Shoestring Budgets
Finding a balance restraining and constraining
By Tracy Dowdy, CVPM
Budgets are a foreign concept in many small general practices. However, if you want to take your practice from good to great, you need to know the heartbeat of your practice. What profit centers generate the most income in your practice? What areas in your practice are the least profitable? How do you benchmark your practice’s financial condition to other practices throughout the country? You need to be asking and answering these questions in a systematic way to forecast and proactively plan for your practice’s future financial success.
Taking a financial pulse
Your practice has key performance indicators (KPI) you should evaluate regularly. These KPI’s are like the practice’s pulse rate and blood pressure: they are tangible signals that help you make important decisions regarding fees, workflow efficiency and the services you offer your clients. AAHA Financial & Productivity Pulsepoints third edition (AAHA Press, 2004), surveys various profit centers in practices throughout the country. These statistics can help you identify best-practice targets for each profit center’s income as a percentage of your total income; and for expenses in each profit center as a percentage of total income. For example, laboratory income as a percentage of total income averages approximately 14%, while laboratory expense as a percentage of total income averages approximately 3%.
Nine easy pieces
Most practices dread monitoring this data. But the process can be simple and the value great. First, remember that budgets and goals aren’t monsters rather, they help you reach the practice’s goal of financial health. Next, tackle common problems using the solutions outlined below.
- Accept the learning curve. Living with a budget is an education. Trimming expenses, knowing what to allocate for each line item or how much cash reserve to keep . . . these skills take time to hone. Learn to adjust a budget as you go, and what was once a shot in the dark gradually will become a more predictable, useful tool.
- Be prepared to miss your budget estimates.
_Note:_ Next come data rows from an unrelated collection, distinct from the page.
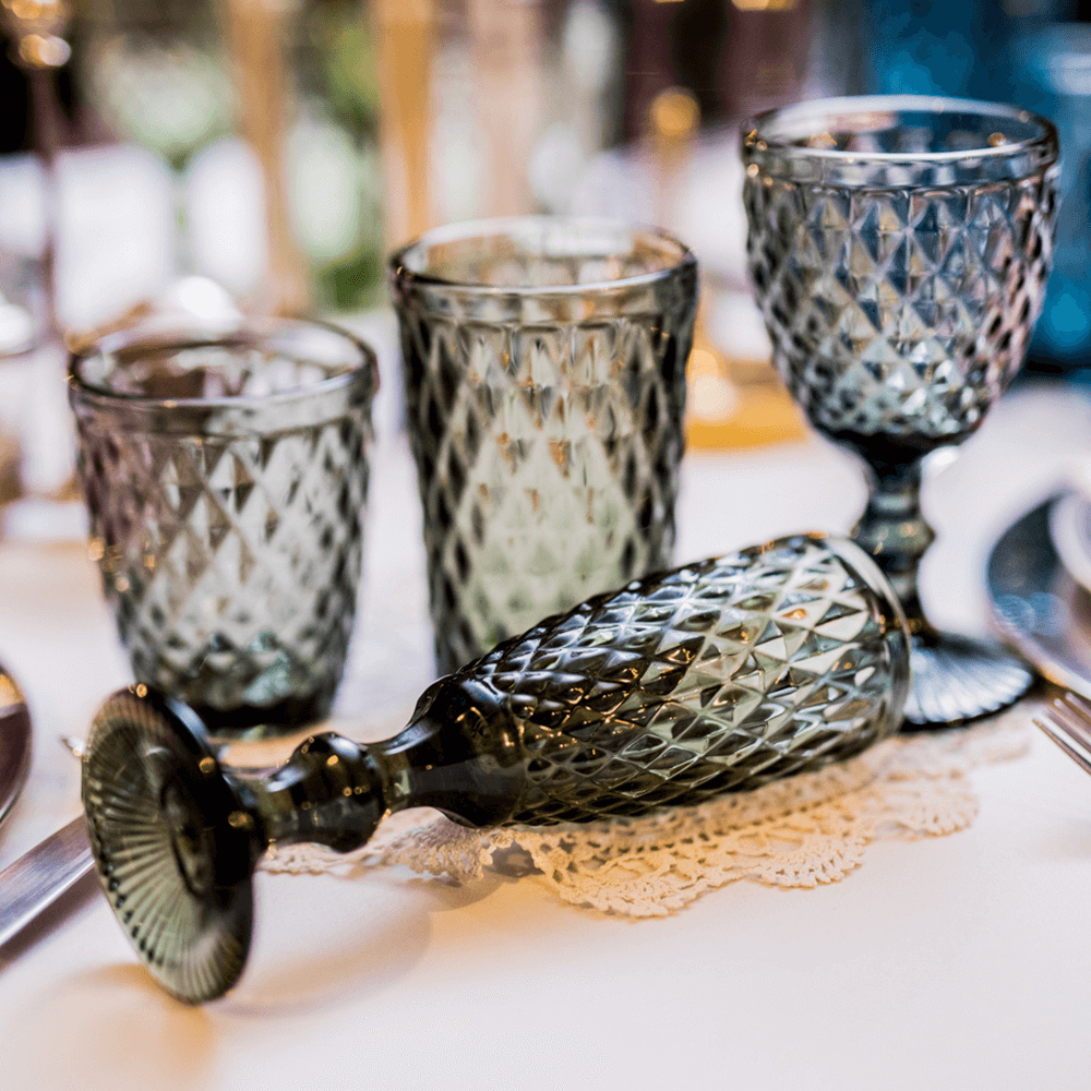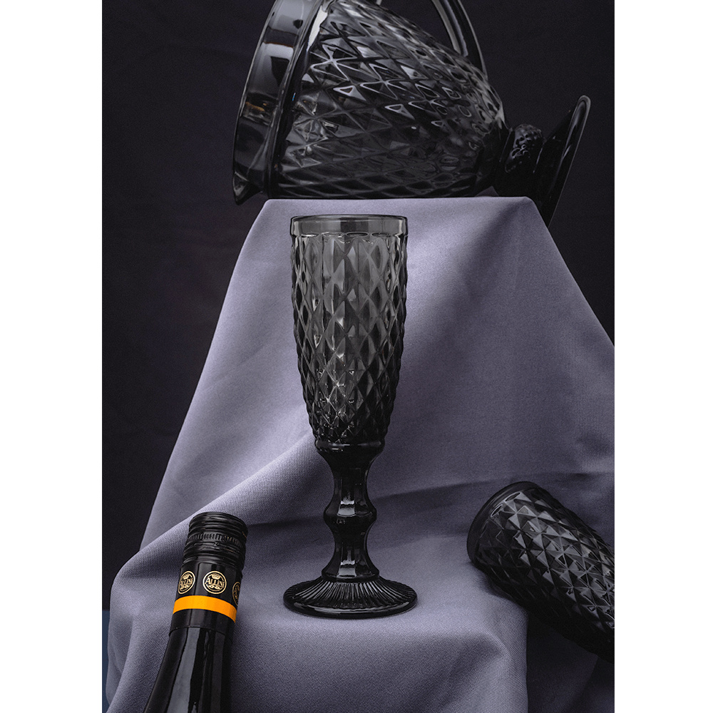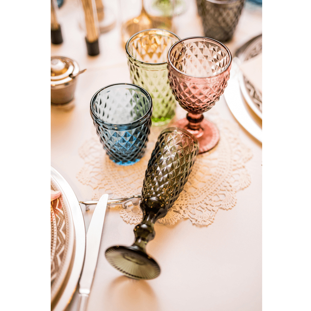 Set 4 ks sklenic Materiál: sklo Barva: šedá / zelená / růžová / modrá Pohár (priemerxV): 7x20 cm Objem poháru: 150 ml Sklenice na šampaňské Vhodné do myčky nádobí Nedoporučuje se použití v mikrovlnné troubě
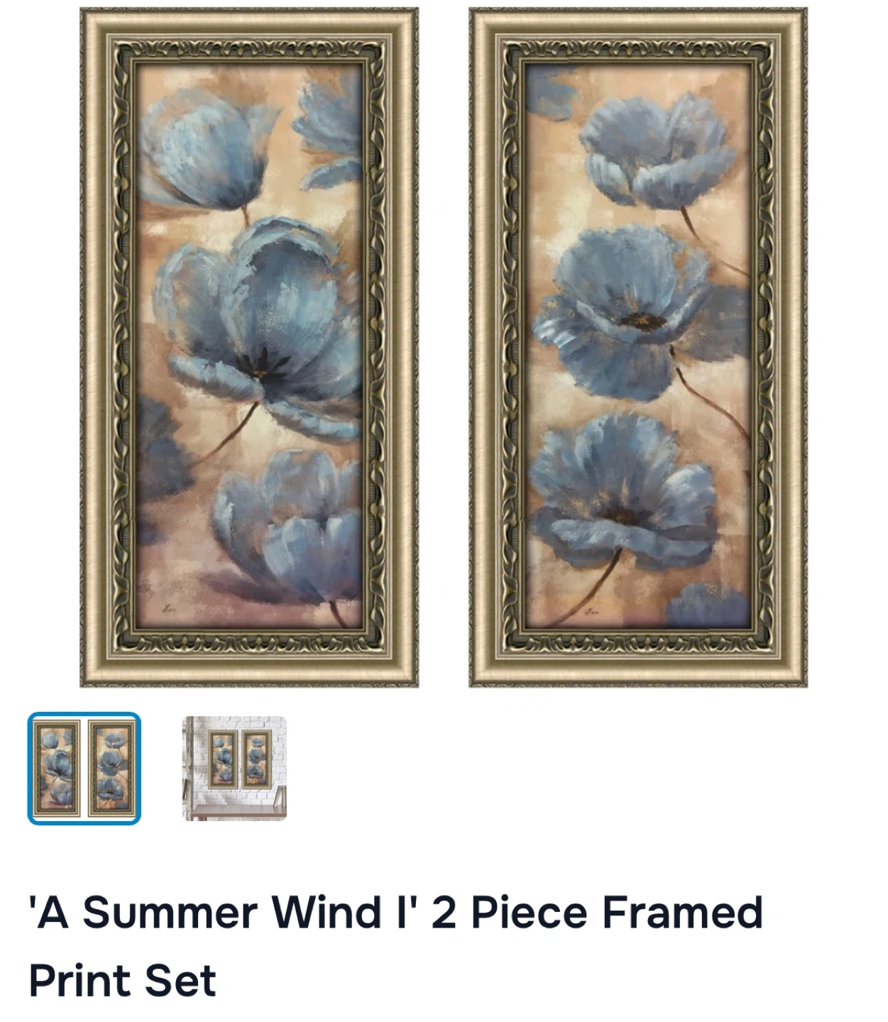 89Two-piece framed wall art. Features blue poppies on a beige background. Elegant gold frames. Perfect for living rooms, bedrooms, or offices. Measures 29"L x 13"W each. Purchased at Wayfair $77.99 +
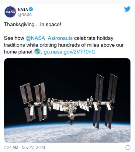 2020 年北美的感恩節對大多數人來說,就像今年大部分時間一樣,是一個混亂的節日。許多人因為社交距離的問題無法探望家人。國際空間站上的宇航員與他們的家人的社交距離這樣一來就跟地球上的普通人差不多,但他們仍然用自己的方式慶祝感恩節。美國宇航局的宇航員凱特·魯賓斯最近就發文提到當國際空間站以每小時 17500 英里的速度環繞地球運行時,宇航員們在國際空間站上做了什么。
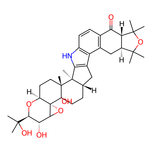 | InChI | InChI=1S/C37H49NO7/c1-31(2,41)29-27(40)30-37(44-30)23(43-29)12-13-34(7)35(8)17(11-14-36(34,37)42)15-20-24-19-16-21-25(33(5,6)45-32(21,3)4)26(39)18(19)9-10-22(24)38-28(20)35/h9-10,17,21,23,25,27,29-30,38,40-42H,11-16H2,1-8H3/t17-,21-,23-,25+,27+,29-,30?,34+,35+,36-,37-/m0/s1 |
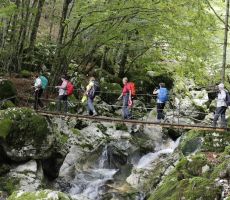 Kratek čas nas je pot vodila po asfaltirani cesti. Nato smo zavili na makadam in nadaljevali preko ozkega visečega mostu. Čista voda Lepence in temnozeleni tolmuni so bili občudovanja vredni. Nismo se ustavljali, saj nas je naš lokalni vodnik odločno vabil naprej na jaso in dalje v gozd ter navzgor, na levem bregu Lepence. Večkrat smo se ustavljali in slikali, saj so slapiči in slapovi bili enostavno prelepi, da jih ne bi ovekovečili na fotografiji ali za na FB ali svoj osebni album. Voda v potoku Lepence se napaja iz potoka Šumnik, ki od izvira do izliva premaguje samo 500 m višinske razlike. Potok Šumnik je je eden najbolj skrivnostnih predelov Slovenije. Izvira izpod planin od Debeljaka (1869 m) do Oblega brda (1957 m). V bližini je bil leta 1998 na veliko noč epicenter močnega potresa. Potok Šumnik v svojem toku ustvarja veliko število slapov s čudovitimi tolmuni. Le ti tudi ob največji suši ne presahnejo in imajo vedno obilico vode.
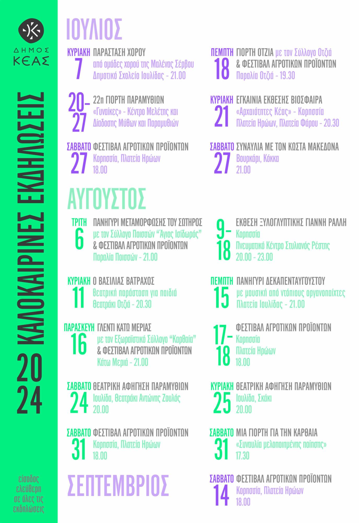 Εκδηλώσεις με έμφαση στον πολιτισμό, αλλά και στην παράδοση, διοργανώνονται τον Ιούλιο και τον Αύγουστο, στο νησί της Κέας.
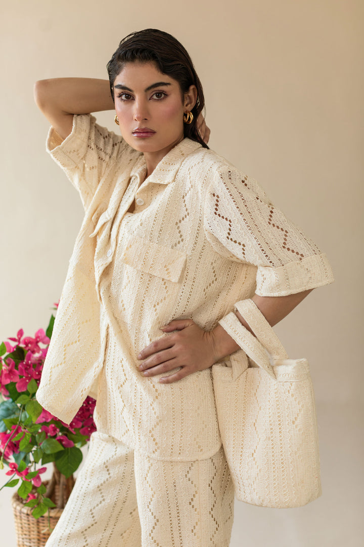 A classic 100% cotton croché shirt featuring a delicate zigzag weave, fully lined
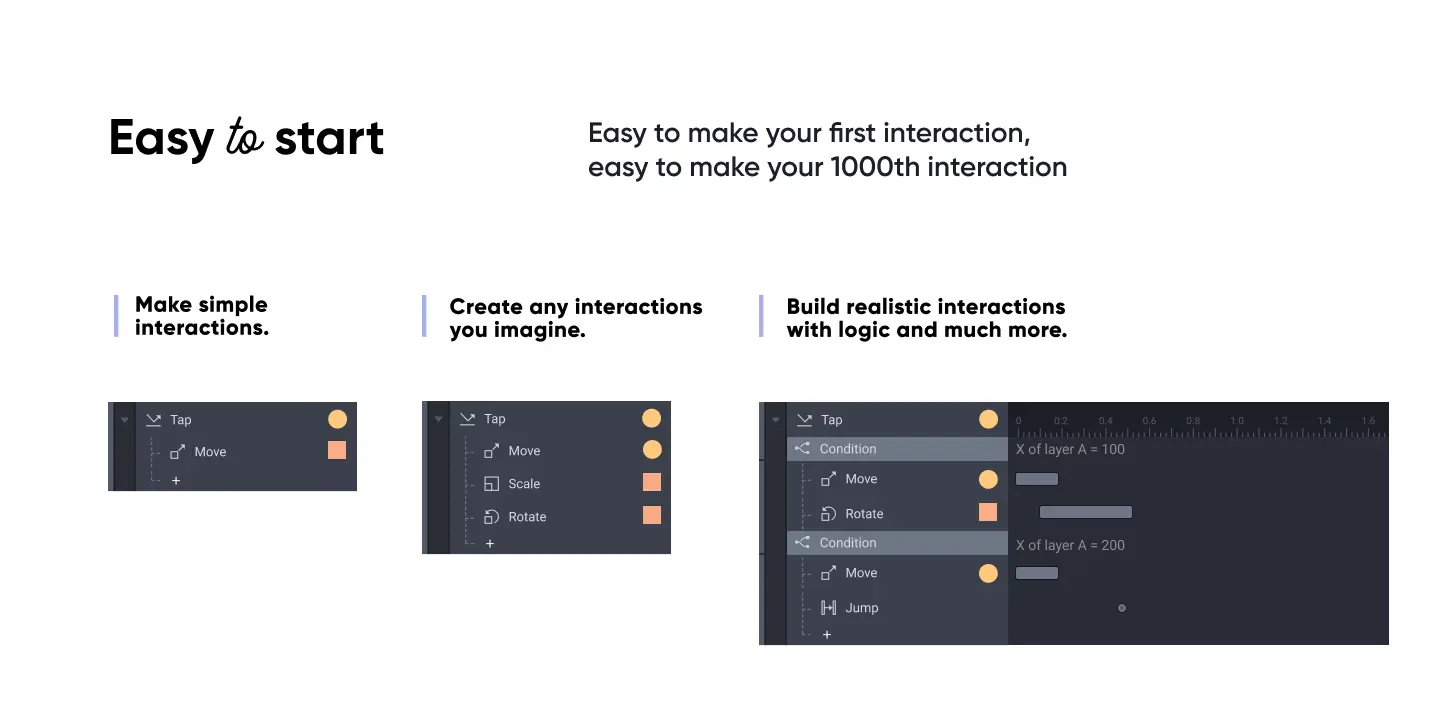 快速将你的创意变成真实的游戏体验-为移动端&电脑游戏和游戏机中的用户体验制作原型,如Xbox系列、X/S或PS5——创作出可播放的、真实的、完全沉浸式的高保真原型。ProtoPie,游戏交互设计的不二选择。
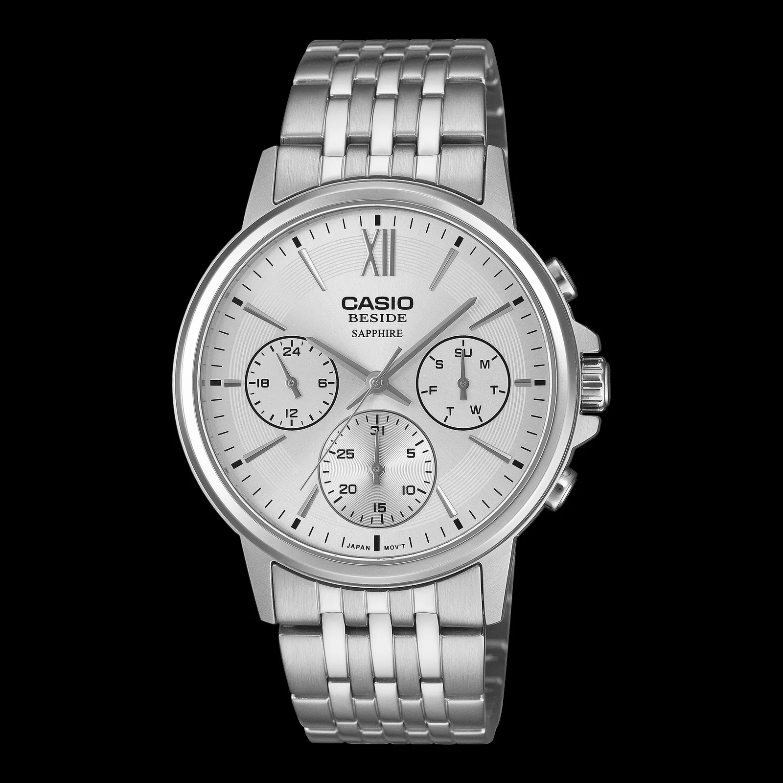 Jeśli chodzi o budowę, wszystkie te modele Beside mają wspólną kopertę ze stali nierdzewnej i ramkę z szafirowym szkiełkiem, co jest nadal stosunkowo rzadkie na tym poziomie cenowym w ofercie Casio. Wymiary koperty wynoszą 46 × 40,7 × 10,1 mm, przy czym wersje wyposażone w bransoletę ważą 119 g, a wersje ze skórzanym paskiem są zauważalnie lżejsze i ważą 55 g. Wodoodporność jest oceniana na 50 metrów, więc będą odpowiednie do codziennego noszenia, ale wyraźnie nie są przeznaczone do użytku sportowego.
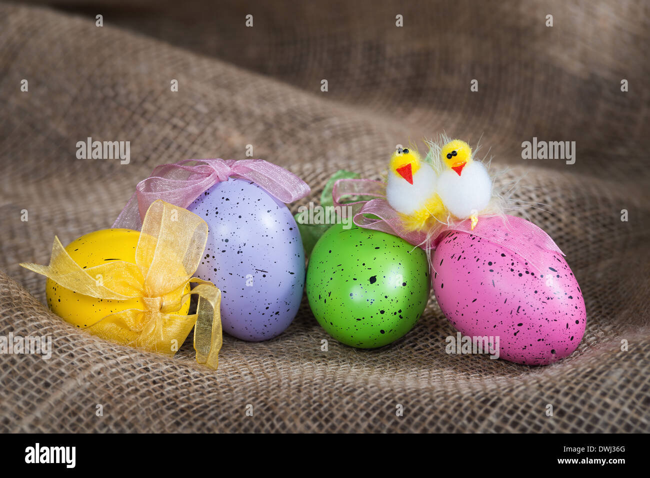 Colorful Easter Eggs And Decorative Chickens On Burlap Background
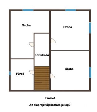 Az emeleten három háló és egy nagy fürdőszoba található.
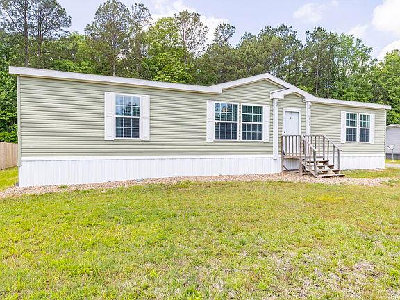 Nice mobile home located right outside of Benton in a quiet cup de sac. Features sheetrock walls and ceilings. Large open living, dining and kitchen. Custom built ins in living room. Large kitchen island with storage. Walk in closets in each bedroom. Large bathtub in primary suite. A/C heat pump with heat strips. 20x30 covered carport with concrete slab. Seller is offering up to $1000 flooring allowance.
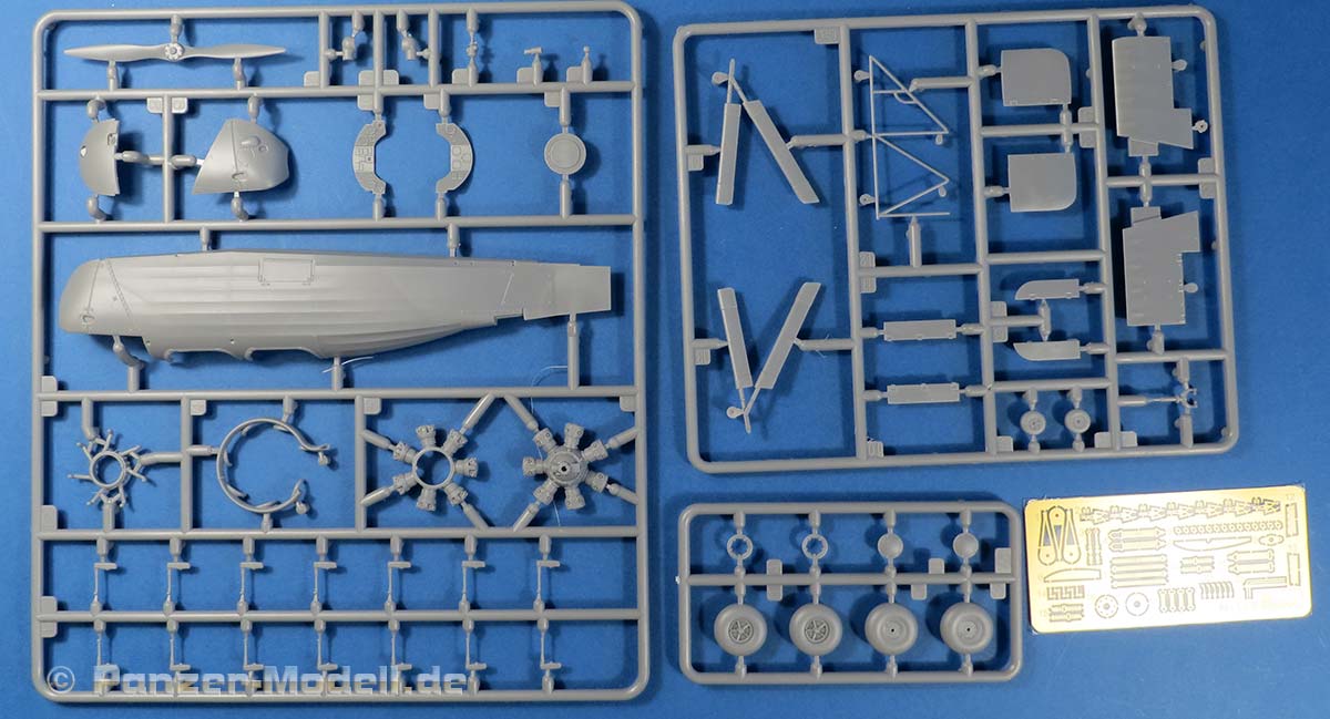 Dieser Tragschrauber von Focke Wulf stellt den Lizenzbau des Cierva C.30A dar, wobei die hier dargestellte frühe Version die beiden Eprobungsmuster darstellen, die das Deutsche Reich 1934 von Avro geliefert bekam und bei der E-Stelle Rechlin erprobt wurden. Im Bausatz finden wir 8 graue und einem klaren Spritzling. Die Qualität ist gut, saubere und feine Details, kein Vezug oder Spritzfehler und Auswerfermarken an später sichtbaren Stellen und Fischhaut sucht man hier vergebens. Es liegt eine Ätzteilplatine zur Verfeinerung bei, diese beinhaltet diverse Bauteile (Gurte, Hebel, Griffe etc.) Die Gravuren des Modells sind sehr schön ausgeführt und überzeugen auf ganzer Linie. Die Oberflächen sind hervorragend dargestellt, hier sind besonders die Rumpfseiten und die gewinkelten Höhenruder genannt bei denen die Struktur des Rahmens schön deutlich dargestellt ist. Der Rumpf selber setzt sich aus zwei Halbteilen zusammen, die horizontal getrennt sind. Das Modell enthält eine komplette Darstellung des Sternmotors, der sihr fein detailliert und sogar duch feien PE Teilchen weiter verfeinert , dargestellt ist. Die Bauanleitung führt in 26 Schritten zum fertigen Modell, diese zeigen sich im typischen sehr übersichtlichen Miniart 3D Stil. In der Bauanleitung finden sich die Bemalungs- und Markierungsanleitungen auf DIN A4 im Hochglanz Farbdruck für die beiden ausgelieferten Exemplare.

Rule No. 1 in setting up a budget is that projections are best guesses and nothing more. You're going to miss your estimates occasionally. If the practice is achieving 100% of its targets, you’re not being aggressive enough in setting goals. It’s okay to miss targets so long as you act quickly and intelligently to correct matters.
For example, if you budgeted $500 a month for imaging supplies and your bill consistently tops $650 for three months running, adjust your imaging-supplies allocation to $550. By the same token, if the bill is only running an average of $400, trim your supply expense. Then reallocate among profit centers for these adjustments to ensure you achieve your overall practice goal.
- Work flexibly. Being willing to stay flexible is the key to staying on budget. For instance, if your actual revenue doesn’t match forecasts, trim your expenses to compensate for the lost profits. By the same token, if you're earning more than anticipated, it might be time to invest in better equipment, labor or additional inventory.
- Watch your cash flow. You’ve heard the phrase “cash is king.” Cash-flow problems are what kill most small businesses. Monitor your income closely to make sure you have the funds to pay your bills. Keep checking that your revenues equal or outweigh expenses each month.
- Be conservative. When you first set up your budget, it's a good idea to overstate your expenses and lowball your expected revenue. In addition, use this approach to make sure your cash flow holds up.
- Nurture a cash cushion. The uncertainty of budgeting both in terms of income as well as expenses is one of the biggest threats to the survival and success of any veterinary practice. While trimming expenses to the bare minimum is always a good idea, it's also prudent to set aside income whenever possible. If you can afford it, earmark a portion of every month’s excess income and sock those funds away in a money market account. These funds may come in handy for predictable expenses such as year-end taxes, but they will be absolute lifesavers if unexpected expenses crop up suddenly.
- Check your budget every month. This is a point that I can’t stress enough. Go over your budget every month and examine your cash flow so available funds are sufficient to meet your liabilities. If you follow point No. 2 and adjust your budget as you go, you'll have an emergency fund to take care of monthly overruns. Use it when things cost more than you thought, and put money into the contingency fund if net revenues exceed expectations.
- Use your budget as a form of restraint, not constraint. Setting up and sticking to a solid budget is the most effective teacher of fiscal discipline there is. But don't be shy about busting your budget on occasion if it’s truly warranted. It's often impossible to budget for a valuable last-minute seminar or a trip to a trade show to make valuable contacts. If you are too rigid with your budget, you'll refuse to spend when you have the opportunity to make a valuable investment in your practice.
- Identify the low-hanging fruit. By setting income and expense goals for each profit center, the entire team can be involved in improving client compliance. Set or raise medical standards for your practice, then train your entire health care team to educate clients on the importance of why the services are essential to the overall health of their pets.